The present share worth of $21.84 represents an 11.5% year-to-date loss. Nonetheless, if you happen to make investments in the present day, you’ll be able to feast on the three.71% dividend (38% payout ratio). In 2025, income and web earnings elevated 31% and 28%, respectively, to US$589.8 million and US$59.5 million.
Nonetheless, in This fall 2025, web earnings fell 49% to US$5.9 million versus This fall 2024, whereas provision for credit score losses (PCLs) rose to 56% of revenues from 48% a yr in the past. Each elements prompted the worth decline.

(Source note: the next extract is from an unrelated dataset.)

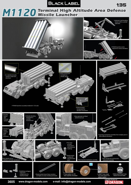 Η Trumpeter προσθέτει ένα ακόμη κιτ με βάση το (καλό) HEMTT που έχει ήδη βγάλει, με την κυκλοφορία του THAAD (01054). Σύμφωνα με την εταιρεία το κιτ αναμένεται στα ράφια στα μέσα Οκτώβρη, ενώ οι φωτογραφίες δείχνουν μια πληθώρα λεπτομερειών, τόσο στο όχημα, όσο και στο σύστημα των πυραύλων.

The expansion prospect stems from the official launch of FreshLine, an unsecured private line-of-credit product, in March 2026. As well as, funding companions have dedicated as much as US$150 million to fund a nationwide U.S. rollout. Propel Holdings initiatives $1.1 billion in income and $163.9 million in earnings by 2028.
Earn in two methods
Safe your positions in TELUS and Propel Holdings now earlier than the sturdy rebound. As soon as the market stabilizes, potential traders may have a twin path to profitability: worth appreciation and dividends.